Mayo Clinic Study Of Defective Gene That Causes Huntington's Sheds New Light On Disease

The results, published in the November issue of Nature Genetics, shed light on how the molecular pathology of Huntington’s disease causes the loss of brain tissue over time in patients. Their results could change the view of how a defective gene causes the disorder.

About 30,000 people in the United States have Huntington’s disease and children of people with HD have a 50 percent chance of inheriting the defective gene. The disease is progressive and there is currently no known cure. The recent results may have a big impact on how we approach therapy and reset thinking on the aberrant interactions of the full-length mutant gene product.

The study was led by Cynthia T. McMurray, Ph.D., together with Roy Dyer, Ph.D., of the Mayo Clinic Department of Molecular Pharmacology and Experimental Therapeutics.

The genetic defect causing HD is an expansion of an amino-acid stretch in a gene product called Huntingtin. Since its discovery in 1993, researchers have focused a great deal of attention on how the mutations causes neurons to die.

The prominent theory to date was that clipping of the mutant gene product generated a small "toxic fragment" in cells. The defective protein from the mutant Huntington’s gene contains an abnormal section. Therefore, fragments with the abnormal section accumulate and become toxic to brain cells. If correct, therapy might aim to block the molecules that do the cutting to prevent the release of the toxic fragment.

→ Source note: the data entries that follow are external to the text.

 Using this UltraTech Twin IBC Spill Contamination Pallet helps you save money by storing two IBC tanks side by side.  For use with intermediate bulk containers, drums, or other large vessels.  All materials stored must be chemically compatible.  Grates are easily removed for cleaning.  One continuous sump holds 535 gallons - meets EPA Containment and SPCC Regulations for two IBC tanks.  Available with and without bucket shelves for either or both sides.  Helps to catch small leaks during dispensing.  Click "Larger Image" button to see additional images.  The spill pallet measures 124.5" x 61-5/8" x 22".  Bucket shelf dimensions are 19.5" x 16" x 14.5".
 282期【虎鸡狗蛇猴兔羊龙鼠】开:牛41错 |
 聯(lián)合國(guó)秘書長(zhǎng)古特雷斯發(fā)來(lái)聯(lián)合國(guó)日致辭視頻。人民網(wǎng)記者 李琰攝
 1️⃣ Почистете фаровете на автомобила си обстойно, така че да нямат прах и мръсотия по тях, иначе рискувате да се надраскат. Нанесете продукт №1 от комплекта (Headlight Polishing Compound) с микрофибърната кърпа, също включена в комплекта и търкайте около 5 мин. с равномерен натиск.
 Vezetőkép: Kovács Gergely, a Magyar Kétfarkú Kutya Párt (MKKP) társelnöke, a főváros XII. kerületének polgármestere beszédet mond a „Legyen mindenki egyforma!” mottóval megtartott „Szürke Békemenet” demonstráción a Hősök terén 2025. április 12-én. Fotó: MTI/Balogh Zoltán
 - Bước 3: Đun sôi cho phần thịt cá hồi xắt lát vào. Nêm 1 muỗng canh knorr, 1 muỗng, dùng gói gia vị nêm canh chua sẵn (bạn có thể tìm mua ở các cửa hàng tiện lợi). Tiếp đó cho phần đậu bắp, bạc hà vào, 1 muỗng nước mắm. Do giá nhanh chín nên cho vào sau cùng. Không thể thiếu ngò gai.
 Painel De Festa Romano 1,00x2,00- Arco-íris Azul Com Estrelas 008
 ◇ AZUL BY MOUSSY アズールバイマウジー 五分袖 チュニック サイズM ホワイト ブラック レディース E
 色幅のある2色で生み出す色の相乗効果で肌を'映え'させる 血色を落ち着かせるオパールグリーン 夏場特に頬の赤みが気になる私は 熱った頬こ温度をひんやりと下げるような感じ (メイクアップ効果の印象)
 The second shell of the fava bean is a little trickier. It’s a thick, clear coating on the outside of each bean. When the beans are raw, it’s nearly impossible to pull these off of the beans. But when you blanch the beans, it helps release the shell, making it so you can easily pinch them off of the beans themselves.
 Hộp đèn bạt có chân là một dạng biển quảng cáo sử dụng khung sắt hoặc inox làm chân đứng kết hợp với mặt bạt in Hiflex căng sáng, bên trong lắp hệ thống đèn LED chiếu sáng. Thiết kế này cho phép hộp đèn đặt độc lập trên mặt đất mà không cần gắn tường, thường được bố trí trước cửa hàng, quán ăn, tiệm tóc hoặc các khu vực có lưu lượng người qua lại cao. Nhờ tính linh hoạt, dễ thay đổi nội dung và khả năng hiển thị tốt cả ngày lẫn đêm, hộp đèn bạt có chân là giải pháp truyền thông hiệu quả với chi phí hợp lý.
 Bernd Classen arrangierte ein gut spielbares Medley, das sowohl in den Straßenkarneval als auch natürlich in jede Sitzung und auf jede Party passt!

However, the recent study suggests a different pathway. Dr. McMurray and her colleagues find in autopsy tissue from the brains of HD patients that the mutant protein is actually resistant to getting chopped up much more than its normal counterpart. As a result, the full-length protein begins to accumulate in the neuron with time, consistent with a late-onset disorder of HD. Further, they show that the accumulation of the mutant protein grabs the normal counterpart in the cell. Thus, expression of the mutant may act to "knockout" the function of the HD protein which is essential to cell function. If correct, then therapy may involve approaches to disruption of the clumps.

The recent study suggests the full-length protein is responsible for toxicity rather than a small toxic fragment.

"Our results shift the thinking about the mechanism of Huntington’s disease therapy,"' says Dr. McMurray, the senior author of the study. The full-length protein may be capable of grabbing partners that it cannot if it is only a small fragment. If the mutant protein is not clipped, then it is expected to reside in a particular compartment in the cell called the "cytoplasm." Therefore, scientists may redirect focus on critical targets grabbed by the mutant protein found in this compartment.

"Our results suggest that trying to find ways to prevent the chopping up of the mutant protein won’t be the most effective strategy to help treat the disease," said Dr. McMurray.

Instead, Dr. McMurray suggests that approaches aimed at developing molecules to prevent the mutant from grabbing cellular targets may be most effective. She is working on such approaches.

HD is an inherited, adult-onset disease of the central nervous system characterized by involuntary movements, cognitive impairment progressing to dementia and mood disturbances -- these symptoms are due to extensive loss of brain neurons.